[GIVEN DATA]

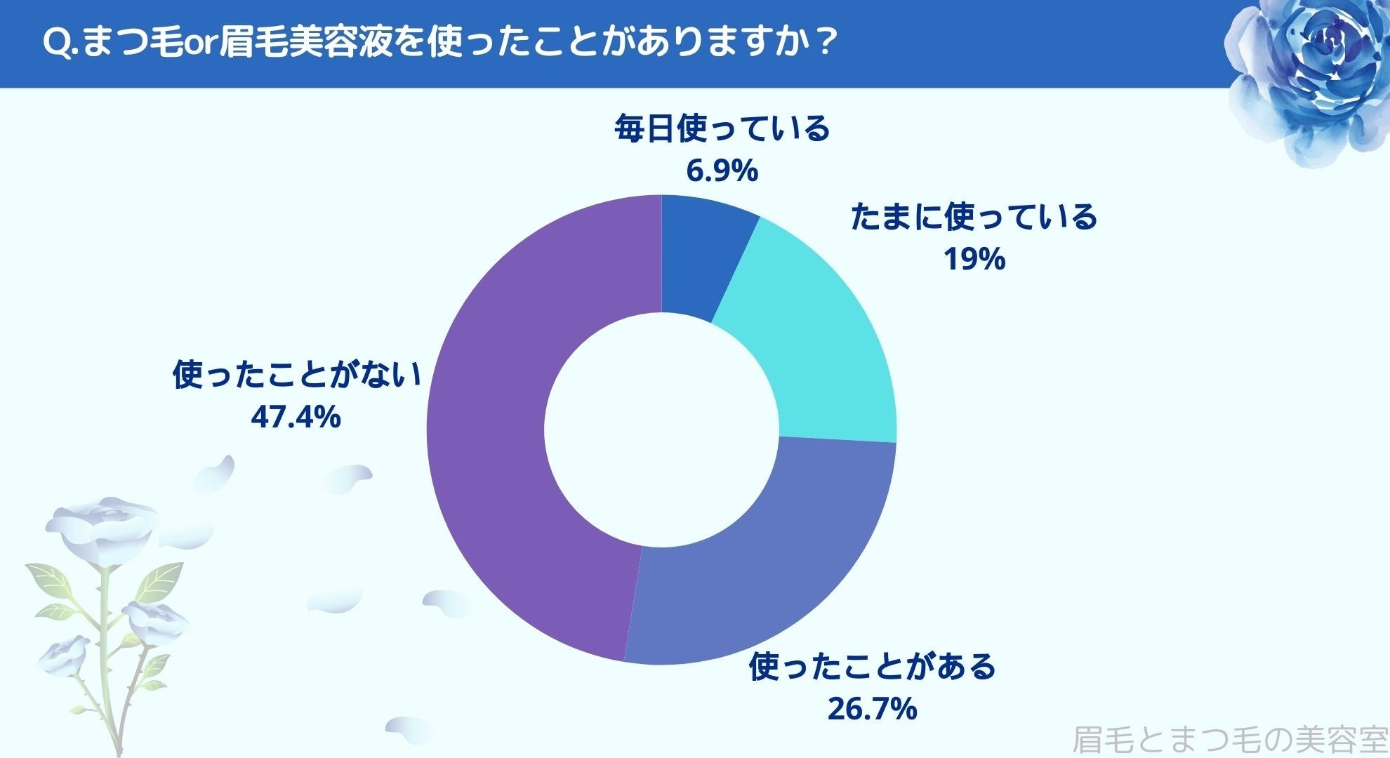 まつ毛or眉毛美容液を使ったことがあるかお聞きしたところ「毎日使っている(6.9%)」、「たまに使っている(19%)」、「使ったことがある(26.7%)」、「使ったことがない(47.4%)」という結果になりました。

[/GIVEN DATA]
[GIVEN DATA]

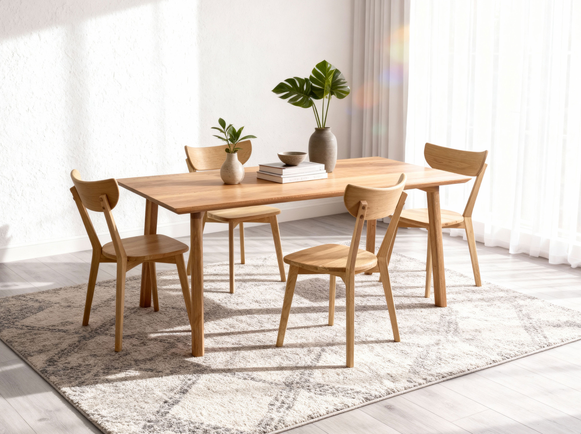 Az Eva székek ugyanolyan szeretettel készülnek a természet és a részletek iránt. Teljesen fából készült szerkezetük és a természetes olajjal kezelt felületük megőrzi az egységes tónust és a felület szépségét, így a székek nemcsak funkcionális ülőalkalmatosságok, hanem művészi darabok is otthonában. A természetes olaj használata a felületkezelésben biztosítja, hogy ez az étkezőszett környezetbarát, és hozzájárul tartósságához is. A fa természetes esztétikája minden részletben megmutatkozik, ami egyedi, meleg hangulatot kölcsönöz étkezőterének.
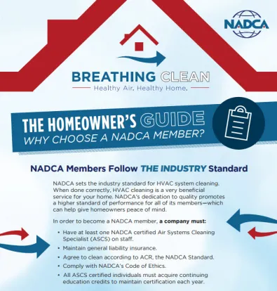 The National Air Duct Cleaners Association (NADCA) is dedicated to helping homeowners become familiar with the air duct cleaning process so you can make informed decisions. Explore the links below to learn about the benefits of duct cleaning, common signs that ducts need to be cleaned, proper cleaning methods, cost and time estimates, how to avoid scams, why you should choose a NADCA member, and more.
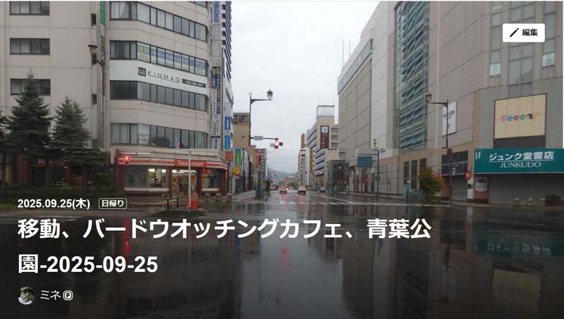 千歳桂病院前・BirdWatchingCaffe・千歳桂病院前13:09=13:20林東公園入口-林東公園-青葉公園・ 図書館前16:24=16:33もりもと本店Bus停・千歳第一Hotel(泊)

[/GIVEN DATA]

### EXERCISE DESCRIPTION
Please set down, exactly and with no pictures, the lines in the entries above starting at the one holding "Az Eva székek" and ending at the one holding "千歳桂病院前・BirdWat", ends included.

### TASK RESPONSE
 Az Eva székek ugyanolyan szeretettel készülnek a természet és a részletek iránt. Teljesen fából készült szerkezetük és a természetes olajjal kezelt felületük megőrzi az egységes tónust és a felület szépségét, így a székek nemcsak funkcionális ülőalkalmatosságok, hanem művészi darabok is otthonában. A természetes olaj használata a felületkezelésben biztosítja, hogy ez az étkezőszett környezetbarát, és hozzájárul tartósságához is. A fa természetes esztétikája minden részletben megmutatkozik, ami egyedi, meleg hangulatot kölcsönöz étkezőterének.
 The National Air Duct Cleaners Association (NADCA) is dedicated to helping homeowners become familiar with the air duct cleaning process so you can make informed decisions. Explore the links below to learn about the benefits of duct cleaning, common signs that ducts need to be cleaned, proper cleaning methods, cost and time estimates, how to avoid scams, why you should choose a NADCA member, and more.
 千歳桂病院前・BirdWatchingCaffe・千歳桂病院前13:09=13:20林東公園入口-林東公園-青葉公園・ 図書館前16:24=16:33もりもと本店Bus停・千歳第一Hotel(泊)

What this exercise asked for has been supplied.